AXA, one of the largest international players in the GCC and the no. 1 global insurance brand* for the 10th consecutive year, has some helpful advice for businesses worried about cyber-attacks affecting their operations.
Despite having one of the highest internet penetration rates in the world (91.9% in 2017 in UAE), there is very low awareness of cyber risks in the region.
Businesses that are trying to cut costs and save money, by not taking proper security precautions, can face serious consequences should they fall victim to a cyber-attack.
In the past, attacks were mainly focused on individuals and their credit card data; however, increasingly attacks are becoming larger in scope and are now threatening organisations of all sizes. These highly sophisticated, well-thought-out attacks are causing businesses owners throughout the region to sit up and take notice. Many organisations regardless of their size, are beginning to consider insurance for their systems and data, much in the same way that they protect their physical assets from thieves.
To this end, AXA advises all businesses to look out for the following five most common types of cyber-attacks:
- SPEAR-PHISHING: Spear-phishing is a targeted attempt to steal sensitive information such as account credentials or financial information from a specific victim. Attackers disguise themselves as a trustworthy source to acquire sensitive information, typically through email or other online messaging platforms. This is currently the most successful form of acquiring confidential information on the Internet, accounting for 91% of attacks.
- BRUTE FORCE ATTACK: Brute force attacks are used by criminals to crack encrypted data. This type of attack is a trial-and-error method used to obtain information such as a user’s password or personal identification number (PIN). In this attack, automated software generates a large number of consecutive guesses as to the password needed to access data.

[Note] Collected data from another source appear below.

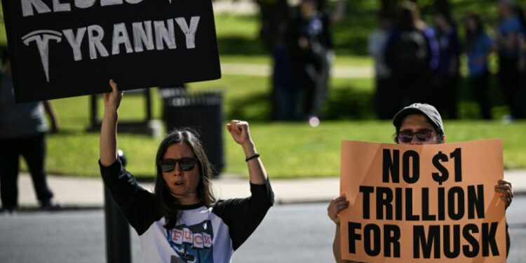 Anti-Musk protesters plan a demonstration outside the Tesla gigafactory that day, after an anti-Musk rally in downtown Austin on Wednesday. “A trillion dollars is way too much any person should have under any circumstances,” activist Ethan McBride told AFP, calling the package a means of “enriching the man who is funding degradation of our democracy.”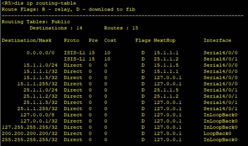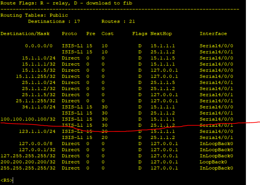 再查看R5路由表就会发现路由表中有了100.100.100.100/32的路由了。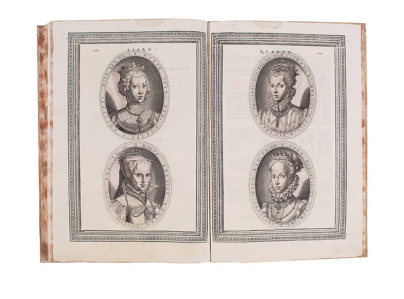 Cremona, Ippolito Tromba e Ercoliano Bartoli., 1585.Folio (402 x 265mm). Allegorical title-page with figures, one winged figure is working on an inscription to Philip II, whose device appears at the head of the title and coat of arms below (with alterated date where it reads 1583), portrait of Philip II in a medallion without cap and 55 small shields with the arms of the states belonging to the Spanish crown, allegory of Cremona on the verso of the second leaf, portrait of Antonio Campo, figure with the Carroccio proceeding from the gates of Cremona, 9 oval portraits of bishops or other illustrious personalities, 24 oval portraits of the dukes and duchesses of Milan with the portrait of Philip II wearing a hat on p.112, plates depicting the baptistery and its plan, the facade of the Cremona Cathedral, the tower and its plan all engraved by Agostino Carracci; the plan of Cremona folded several times and dated 1582, the map of the Contado and Diocese of Cremona engraved by David de Laude , text within woodcut border, woodcut initials and headpieces, with the blank leaf at the end of the third book. Early XVIII century stiff vellum with gilt title on spine, marbled edges. A small wormtrak in the upper white margin of the first five leaves, a very fine wide-margined copy in eighteenth-century stiff vellum with brown morocco lettering-piece on spine from the library of the Zurla family from Crema.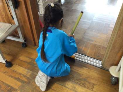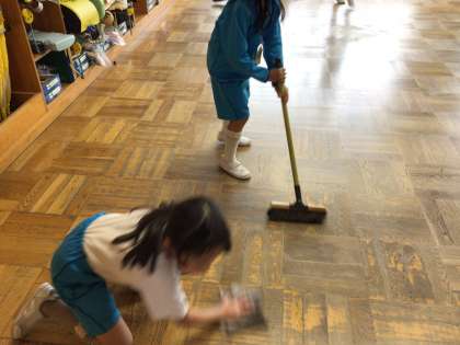 今日は、いつもお手伝いに来てくれる6年生が校外学習だったので、1年生だけで掃除をしました。今まで教えてもらったことを思い出しながら、自分たちだけで掃除をすることができました。「できるよ!」と得意気にしていました。すっかり小学生らしく成長しています。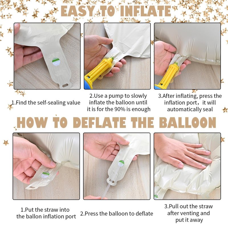 - Warm Reminder:Due to the thermal expansion and contraction characteristics of aluminum foil, please avoid filling it with more than 90% air or helium. If over-inflated, it can easily cause the birthday balloon banner to explode at high temperatures. Please avoid placing the birthday balloons in an outdoor high temperature environment for a long time. If the ambient temperature is too low, it will also cause the balloon to deflate. At this time, it can be slowly re-inflated.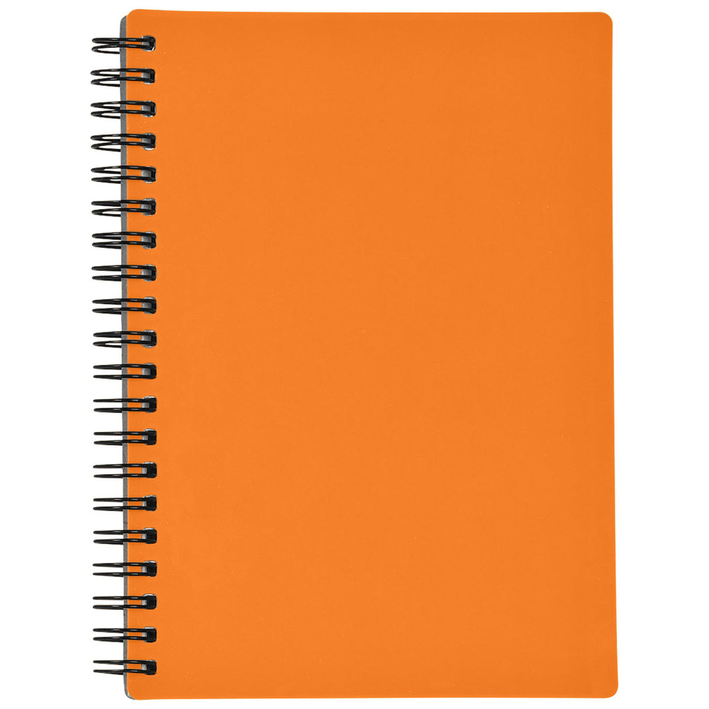 Hit Orange Rubbery Spiral Notebook with a corporate logo is a convenient way to take notes and stay organized. The 70 page lined notebook has a PVC cover and cardboard back to showcase your brand. Ideal for use in large meetings, to use at recruitment events, or offer to new clients as a welcome.
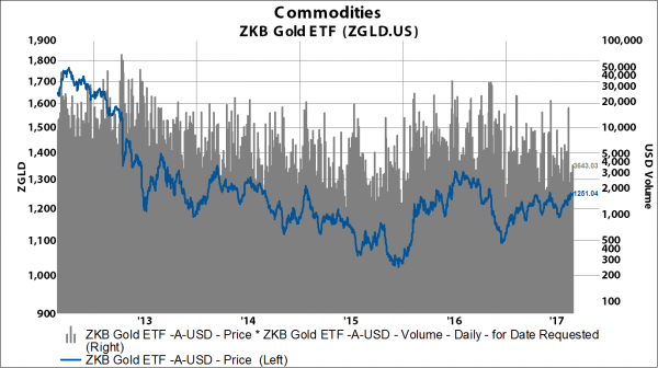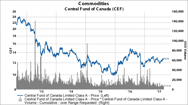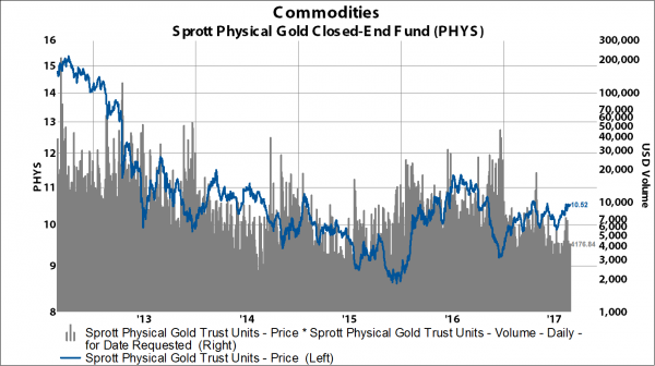There are at least three gold funds that are popular for registered investment companies looking to gain exposure to gold: 1) Central Fund of Canada (CEF), 2) Sprott Physical Gold ETF (PHYS), and 3) ZKB Gold ETF (ZGLD.US). Assets under management and volumes are noticeably lower, but their fees are similar to the GLD.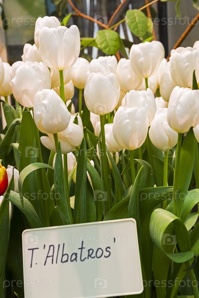 Тюльпаны сорта Albatros в оранжерее Аптекарского сада (филиал ботанического сада МГУ, Москва) Выставка 'Весенняя репетиция', 2019 год

- CROSS SITE SCRIPTING (XSS) ATTACKS: Cross Site Scripting (XSS) is a common attack that injects a malicious code into a vulnerable web application. XSS does not directly target the application itself. Instead, the users of the application are the ones at risk. Depending on the severity of the attack, user accounts may be compromised, misleading users into willingly surrendering their private data.
- DISTRIBUTED DENIAL-OF-SERVICE (DDoS) ATTACKS: A distributed denial-of-service (DDoS) attack is a malicious attempt to disrupt normal traffic to an organisation’s computers or network by overwhelming the target with a flood of Internet traffic. A DDoS attack is like a traffic jam clogging up a highway, preventing regular traffic from arriving at its desired destination.
- MALWARE ATTACKS DISTRIBUTED BY EMAIL VIA ZERO DAY VULNERABILITIES: A vulnerability can pose serious security risks because malware can infect a computer through otherwise harmless web browsing activities; such as viewing a website, opening a compromised message, or playing infected media. The term “zero-day” refers to a newly discovered software vulnerability and the developers have “zero days” to fix the problem that has just been exposed. Vulnerabilities can be the result of improper computer or security configurations and programming errors. If left unaddressed, vulnerabilities create security holes that cybercriminals exploit.
AXA recognises that cyber insurance may be perceived as complex, and as such are actively trying to bring a greater simplicity and transparency to their products.
Ricardo Arroyo, Chief Commercial Lines Officer at AXA in the Gulf, advises; “According to the World Economic Forum (WEF) and Marsh, cyber risk is the number one concern of business leaders in the Middle East.
“We recently launched our Cyber Insurance product in the UAE and we want business leaders to recognise that cyber insurance can offer them peace of mind, protecting their organisation, their customers and their shareholders.
“We also recommend that customers be clear on what cover they are getting, as not all cyber insurance is the same. Of utmost importance is knowing exactly how an insurer will deal with a claim should it arise.”
“AXA offers a risk assessment and eligibility checks to inform you about the security level of your existing cyber set-up and provides you with round-the-clock assistance in the case of a cyber-attack in order for your business to go back to normal at the earliest.
“In the event of a suspected attack, a customer can call 800 AXA CYBER. We would then deploy the necessary experts to investigate and remedy the attack on-site as necessary.”